19 October 2007 10:22
IMF raises spectre of UK house price correction

By Edmund Conway, Economics Editor in Washington DC and Harry Wallop
Telegraph.co.uk

Last Updated: 12:44am BST 19/10/2007

Britain’s housing market could be heading for a slump, with the credit crisis likely to have a “sizeable impact” on property prices, the world’s leading economic watchdog has warned.

House prices in the UK have risen by up to 50 per cent more than they should have done over the past decade, leaving them dramatically overvalued, according to the International Monetary Fund’s calculations.

As a result, falling house prices are now a major threat for the UK’s economy, the IMF said.

The IMF’s warning, in its twice-yearly report on the state of the global economy, is its most stark ever on the state of the UK’s housing market and will trigger significant alarm among homeowners already concerned by signs of a slowdown.

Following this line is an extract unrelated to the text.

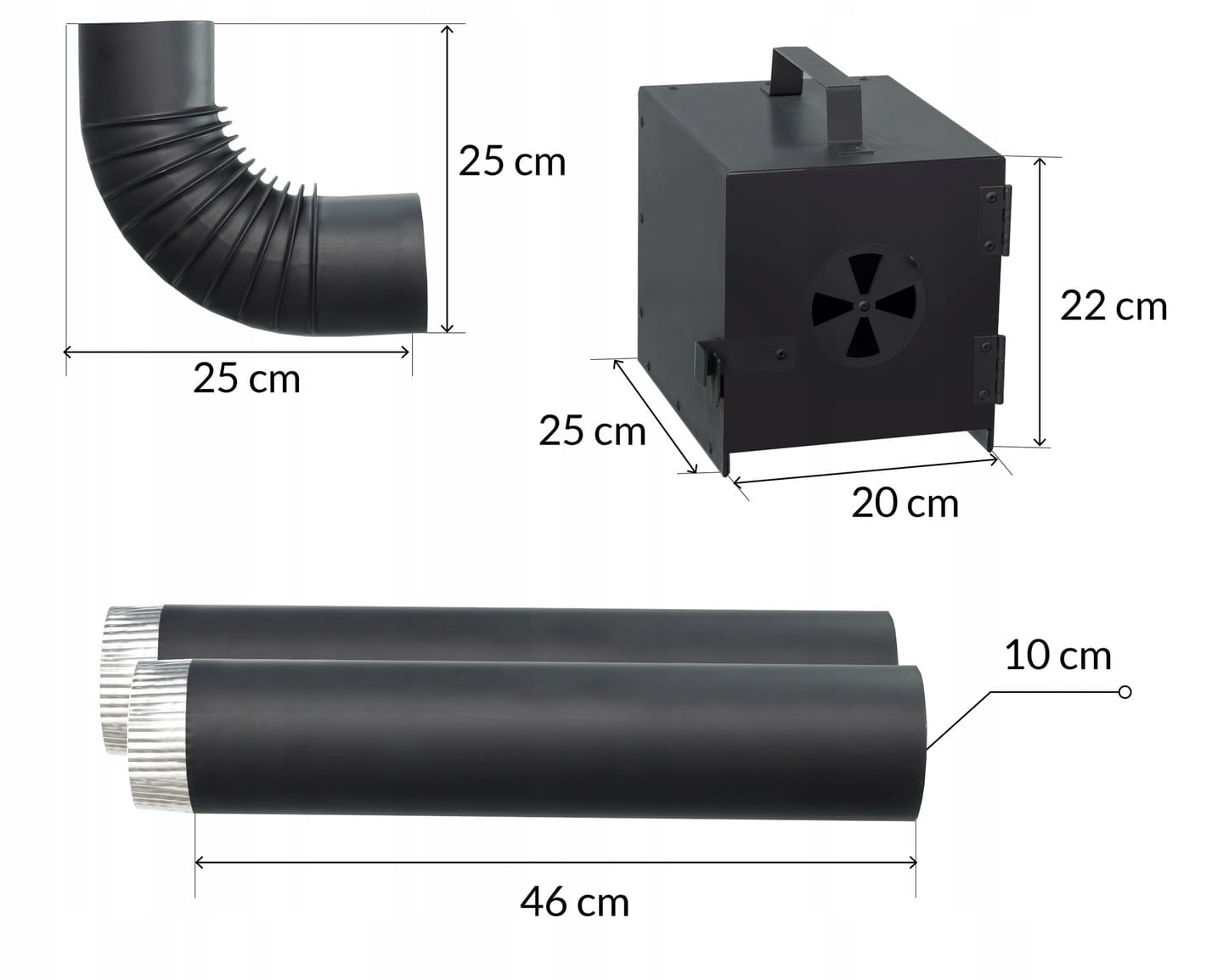 - Rura dymowa: 46 cm długości, Ø 10 cm (2 sztuki)

It said there was evidence to suggest that house prices in the UK were more overvalued than in America, which is currently experiencing its worst housing slump since the Great Depression of the 1930s.

The crisis there has been driven by problems in the “sub-prime” mortgage market for people with poor credit histories, which in turn has triggered the wider global “credit crunch”.

In Britain, the average house prices have risen from £58,403 in 1997, according to the Nationwide building society, to £172,065 at the end of last year – a tripling in the last decade.

Recent estimates from other lenders have put the average house price in the UK at more than £200,000.

House prices have continued to climb strongly this year, but the level of growth has slowed markedly in recent months.

The IMF’s warning will add further pressure on the Bank of England to cut interest rates following five increases since last summer.

With families facing the biggest squeeze on their disposable income in at least a decade, the prospects of a house price “correction” – either below inflationary increases or actual price falls – will cause major concern to homeowners.

The IMF said that since 1997, house prices in the UK had risen by 50 per cent more than its economic model for predicting house price growth suggested they should have.

The model is based on wage inflation and economic growth.

 

Overvaluation in countries including Ireland and Spain, where many Britons have second homes, was even more pronounced, the IMF said.

Referring to several housing markets in Western Europe - including the UK’s - the report said: “The estimates suggest that a number of advanced economies’ housing markets outside the United States could be vulnerable to a correction.”

The report added that an extended period of tight credit conditions “could have a significant dampening impact on growth” on housing markets in some European countries, including the UK.

Charles Collyns, the IMF’s expert on Europe, said some of the house price increases in Britain could be explained by so-called “economic fundamentals” such as immigration and the shortage of new homes being built.

However, he added: “We are certainly concerned that the recent increases in prices have gone beyond those fundamentals.”

The IMF said that prices should not have risen so far.

“Given that rapid increases in some countries have raised concerns about possible excesses, some cooling seems desirable, if it does not go too far too fast,” the report said.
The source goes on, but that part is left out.